I have a question about the perplexity term (in the VQ-VAE).

google-deepmind / sonnet

TensorFlow-based neural network library

https://sonnet.dev/

Apache License 2.0

9.79k stars 1.3k forks source link

I have a question about the perplexity term (in the VQ-VAE). #257

Open SeongYeonPark opened 2 years ago

SeongYeonPark commented 2 years ago

As far as I understood, the perplexity used in this repo's VQ-VAE is kind of "meaningfully used codebook token numbers".

When only one codebook token is used, perplexity is 1. When all codebook tokens appear uniformly, the perplexity equals the codebook nums.

So I was wondering, for good output quality, what is the minimum threshold of "perplexity divided by codebook nums"? (I guess this should be found experimentally. If you have any results related to this question, it would be great to know.)

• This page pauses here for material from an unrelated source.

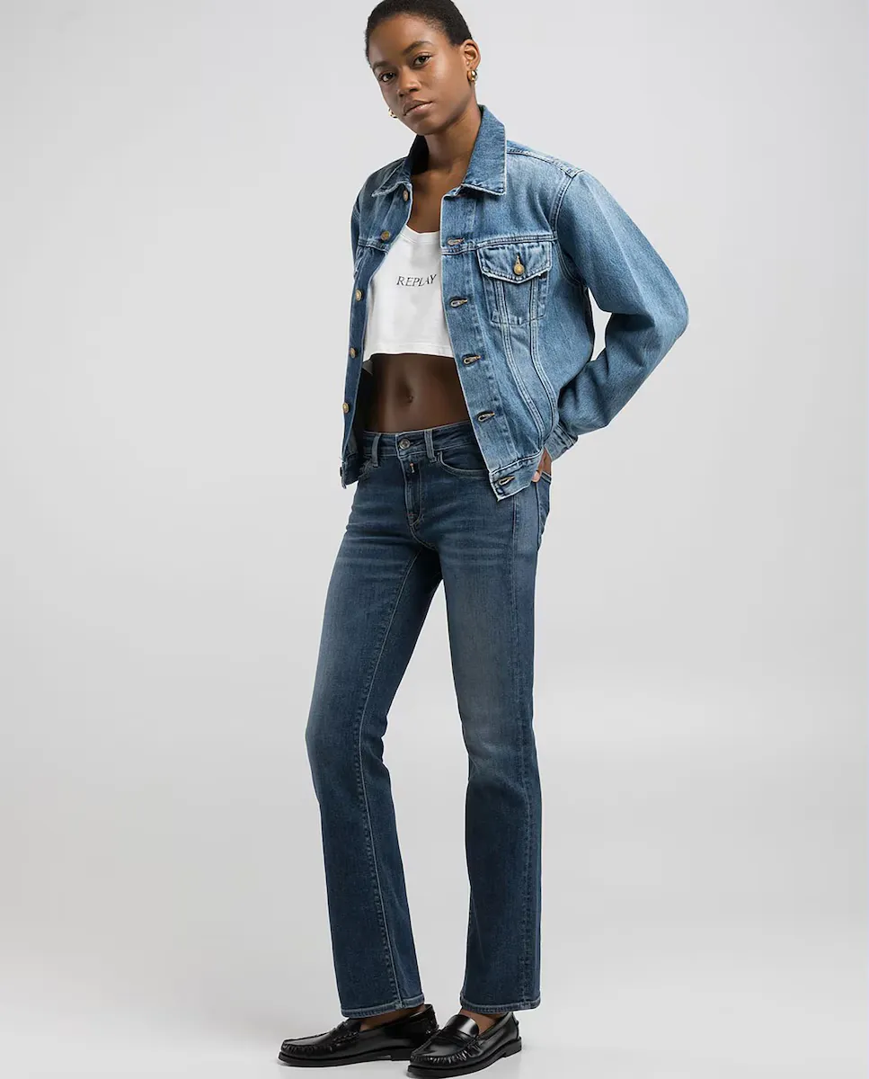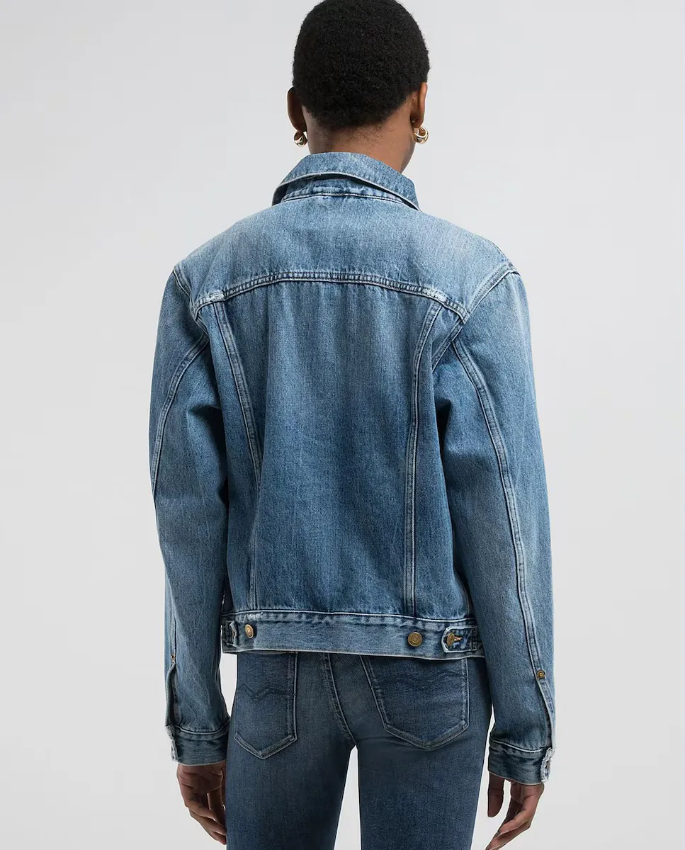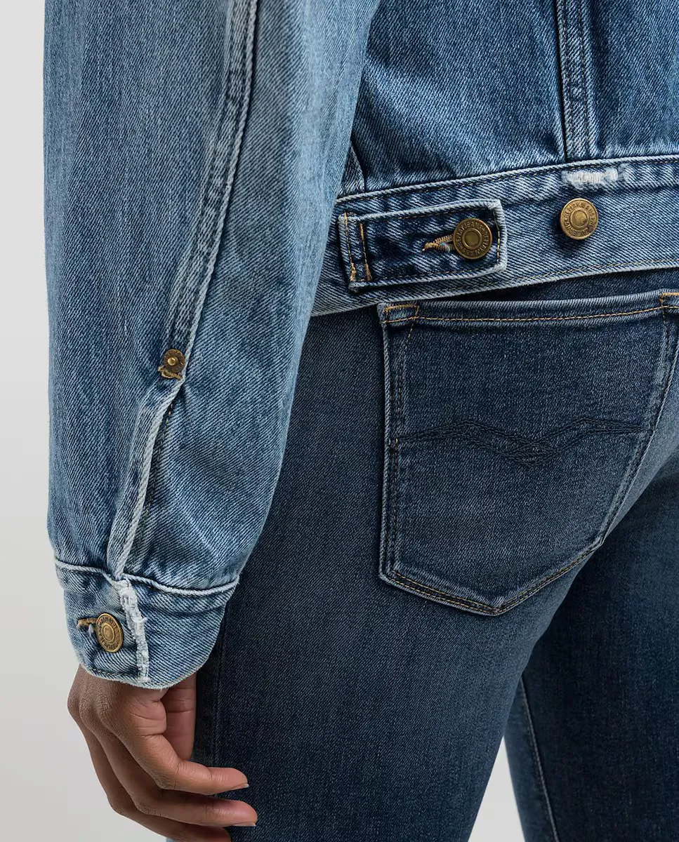 Куртка изготовлена из частично переработанного хлопкового денима цвета индиго весом 12 унций для большей экологичности. Модель имеет обработку камнями среднего оттенка с финальным смягчителем. Для одежды характерны небольшие разрывы в карманах и подол, а также цветовые контрасты в местах ношения. Дизайн дополнен двумя передними карманами с клапаном и пуговицами и регуляторами застежки внизу одежды.

PipeDream941 commented 2 years ago

I have the same doubts, perhaps does anyone know what the meaning of "perplexity" is (it would be better to be more specific) but I have found a file that is available for exporting perplexity, and you can look at that file in the hope that it is helpful for you. https://github.com/zalandoresearch/pytorch-vq-vae/blob/master/vq-vae.ipynb

PipeDream941 commented 2 years ago

I looked into the file I sent you and found that encoding uses onehot and avg_probs averages the columns over the range [BHW,num], so avg_probs has a range of [0, 1] (it can't actually get close to one, I tested the maximum value of avg_probs is no more than 0.01) so the minimum value of perplexity is greater than e**0 == 1.